「何も残さない」と言っていた祖母が急逝。銀行口座に「2000円」の残金があったのですが、引き出すには手続きが必要なのでしょうか?
両親や祖父母などが亡くなると「相続」について確認する必要があります。しかし、生前本人から「残す遺産はない」と伝えられているケースもあるでしょう。 ▼亡くなった母が私名義で「500万円」を遺してくれていた! 名義は自分でも「相続税」はかかる? そのような場合、本人の銀行口座に少額のお金が残されていたら、どう対処すべきなのでしょうか。亡くなった人の銀行口座からすぐにお金を引き出すことは可能なのか、残高が少額の場合は放置しても問題ないのかなどについては、事前に確認しておいた方がいいでしょう。 本記事では、亡くなった人の銀行口座から少額のお金を引き出す方法についても詳しく解説します。
亡くなった人の銀行口座はどうなるのか?
亡くなった人の銀行口座は、凍結されてしまいます。そうなるとすべての取引ができなくなるため、お金はおろせなくなります。 名義人が死亡した情報が自動的に銀行に伝わるわけではないので、死亡後すぐに凍結されることはないでしょう。通常は、親族などが銀行に名義人が死亡した旨を連絡することで利用が停止される流れです。 では「その前にお金をおろしてしまえばいい」と思われるかもしれませんが、亡くなった名義人の口座は相続の対象になる可能性があるため、相続トラブルなどを防ぐためにも、凍結前に勝手にお金をおろすのは控えた方がいいでしょう。 ただし、民法第909条2項には「遺産の分割前における預貯金債権の行使」の定めがあります。当面の生計費や葬式の費用などが必要な場合は、仮払制度を利用して一定の金額の払い戻しが認められることがあるようです。 しかし、今回の事例では口座の残高がわずか「2000円」ということなので、この制度を利用することはないでしょう。

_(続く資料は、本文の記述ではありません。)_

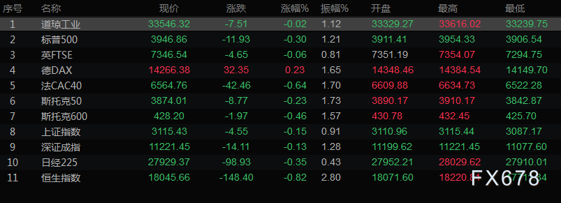 美股收盘情况:道琼斯工业指数下跌0.02%,至33546.32点;标普500指数下跌0.31%,至3946.56点;纳斯达克指数下跌0.35%,至11144.96点。
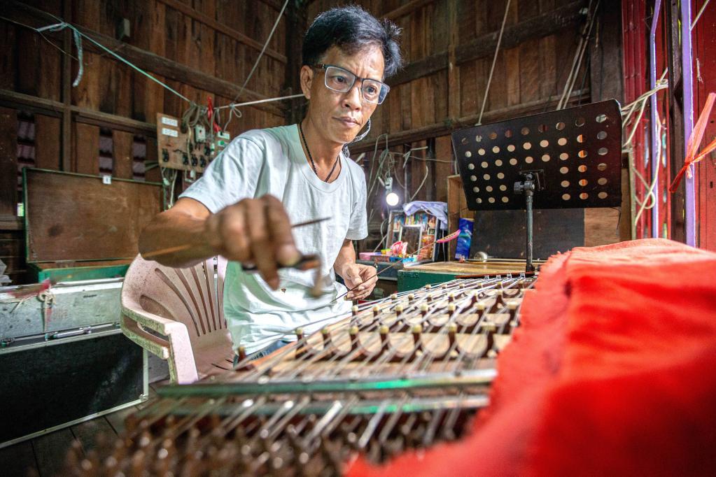 在泰國(guó)那空沙旺府,一名潮劇團(tuán)樂師在演奏樂器。新華社記者王騰攝

残高が2000円の場合、亡くなった人の銀行口座は放置してもいい?
今回の事例のように、亡くなった人の銀行口座に少額しかお金が入っていない場合だと、手続きが面倒に感じてそのまま放置してしまうこともあるかもしれません。 亡くなった人の銀行口座を放置した場合、休眠預金になる可能性があります。休眠預金とは長い間取引のない預金のことで、入出金の取引から10年以上移動がない場合が対象です。 このような口座は預金保険機構が管理することになり、預金を払い戻す際に複雑な手続きが必要になってしまいます。また、銀行によっては一定期間以上預け入れや払い戻しがない口座について、管理手数料が発生する場合もあるようです。